I threw this proposal together in response to a CFP for an MLA panel. It’s for a paper I haven’t yet written, but have been looking for an excuse to write. Feedback would be greatly appreciated! 


 

Dangerous Visions: Science Fiction’s Countercultures

Special Session

Papers explore Rob Latham’s assertion that “Science fiction has always had a close relationship with countercultural movements,” emphasis on New Wave (1960s/1970s). 300-word abstracts and brief bios. by 10 March 2016; Sean A. Guynes (guynesse@msu.edu).


 

This paper situates Octavia Butler’s 1987 novel Dawn, the first in her Xenogenesis trilogy, within a genealogy of countercultural pedagogy, alongside figures like Paulo Freire, bell hooks, Adrienne Rich, Audre Lorde, Toni Cade Bambara, and June Jordan. During the late 1960s and throughout the remainder of the twentieth century, these radical artists, authors, and educators sought to address conditions of economic, social, and political inequality. In particular, they imagined pedagogical relationships as ways of threatening the status quo by challenging its differential power relations and neo/liberal politics of endangerment.

Like the works of these thinkers, Butler’s novel is preoccupied with the question of how education can materialize social justice, and catalyze social interruption, rather than reproduction. While the novel takes place miles away from an Earth that has nearly been destroyed, on a spacecraft reminiscent of Atlantic slave ships, it is intimately engaged with political questions of how resources get distributed along racial and gendered axes, and how we might rethink the question of the political through embodied frameworks of pleasure, precarity, and violence. In particular, I focus on the pedagogical relationship between the protagonist, Lilith Iyapo, and the Oankali creature assigned to train her as a new mother of the human race. By analyzing how the novel stages political questions of “being with,” I argue that it can be read as an allegory of queer pedagogy: of learning, in José Muñoz’s words, “to desire differently, to desire more, to desire better.” At a moment in which it seems ever less possible to imagine beyond the confines of neo/liberal racial capitalism, I illustrate how Dawn might help us think about the project of building more just and pleasurable worlds in liminal spaces.

Responses

  • I think it looks great! You may want to consider bringing in Samuel R. Delany, as he lies in a similar intersection of race and queer identity. Looking forward to reading the paper!
  • Thanks, Patrick. Delany is one of those people I am *constantly* thinking about, and so sometimes forget to deliberately include. Excited to see how his work ends up informing the project.
  • Erin Glass says:
    love this abstract & am very much looking forward to reading the paper! it’s been a long time since i’ve read the xenogenesis trilogy, but i remember being fascinated by the very uneasy pedagogical relationships depicted. for me, butler’s genius was in her ability to show how pedagogy can never entirely distinguish itself from oppression for uneasy power relationships are relentlessly at play. like “life” in jurassic park, oppression “always finds a way,” or as freire notes, it travels from oppressor to oppressed through internalization and adoption of the oppressor’s worldview. reminds me also of adrienne rich’s line “this is the oppressor’s language / yet I need it to talk to you” in “The Burning of Paper Instead of Children.” what i found so important about xenogenesis is its exploration of the possibility of a movement towards liberation within these extremely discouraging conditions. just some thoughts, and not very well thought out at that! thanks for sharing!
  • Thanks, @eringlass!

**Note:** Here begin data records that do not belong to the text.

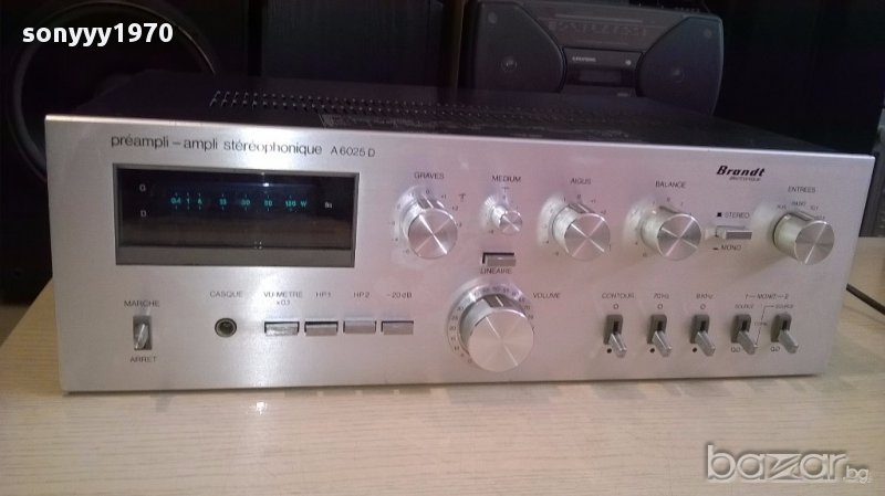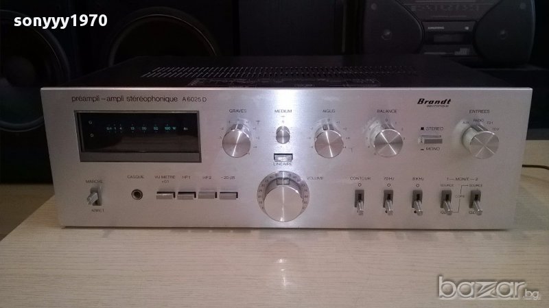 Brandt a6525d preampli-280w-ampli-made in japan-внос швеицария...японска маркова ретро машина...нов внос и като нова...работи идеално...алуминиев панел и жестоки индикатори в зелено...свири много здраво-от днес 28.02.22г пращаме със спиди или еконт с преглед и тест след превод на капаро за куриерската услуга поради зачестили некоректни потребители-поръчки само в тук в саита! по телефона и със смс не! краини цени! бартери не правиме! всеки ден нови неща-още 2-3 наши обяви тук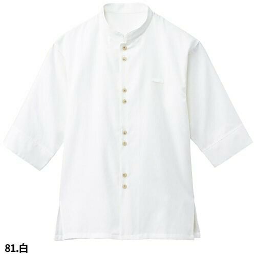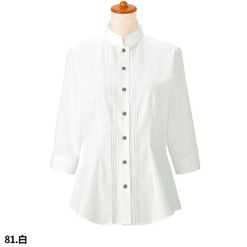 白シャツ ホワイト スタンドカラー 立ち襟 制服 ユニフォーム ボンユニ BONUNI ボストン 七分袖スタンドカラーシャツ 24224-81 飲食店 レディース レストラン カフェ 厨房 中華 おしゃれ かわいい7分袖 女性用 定番 無地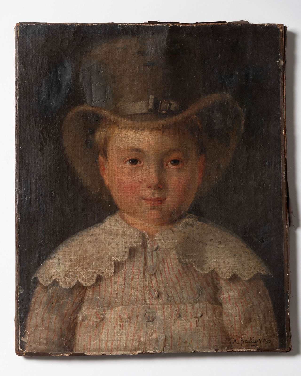 Early 19th Century signed oil on canvas. Dated 1830. I can only imagine that this little boy was from a very wealthy family to have his own top hat in this period. Age related wear, restoration patches over the years, all adding to the honesty of this painting that is nearly 200 years old.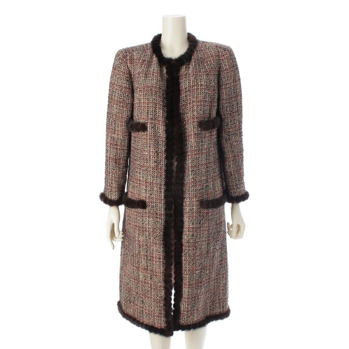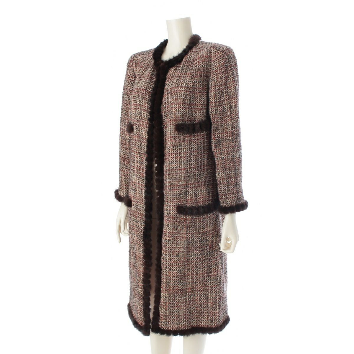 シャネル 03A ツイード ファー トリム ノーカラーコート アウター P21803 ブラウン 44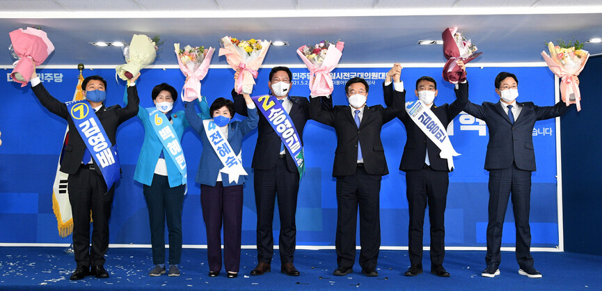 더불어민주당 새 대표로 선출된 송영길 의원(가운데)과 김영배(왼쪽부터), 백혜련, 전혜숙 최고위원, 윤호중 비상대책위원장, 김용민, 강병원 최고위원이 2일 서울 여의도 중앙당사에서 열린 임시전국대의원대회에서 꽃다발을 들고 기뻐하고 있다. 연합뉴스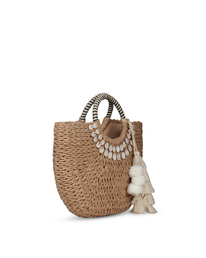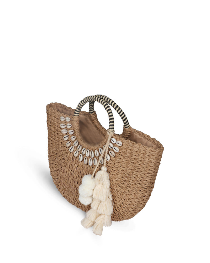 Artisanal elegance with our Bohemian Shell Bag, a true testament to relaxed, free-spirited style. The intricate raffia weave is beautifully complemented by a delicate fan of cowrie shells and a unique striped handle.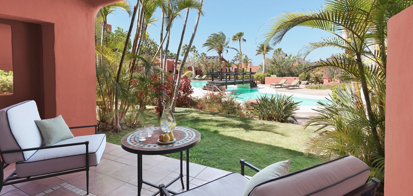 Retreat Adults Only 01 Bedroom Suites + Private Pool (80 m²) avec chambre à coucher et living séparé et terrasse avec piscine privée et vue jardin

I’m looking forward to thinking more about how the trilogy theorizes complicity–or maybe it’s messiness, or entanglement–as a condition of more ethical pedagogical relationships. I have “The Burning of Paper Instead of Children” in my dissertation! Talk about a “social paper” (a social poem?) woven together with the words of students. I found the original documents that contained the source material for the poem in her archive, in a document on pedagogy authored by Mina Shaugnessey. That’s some serious collaborative writing.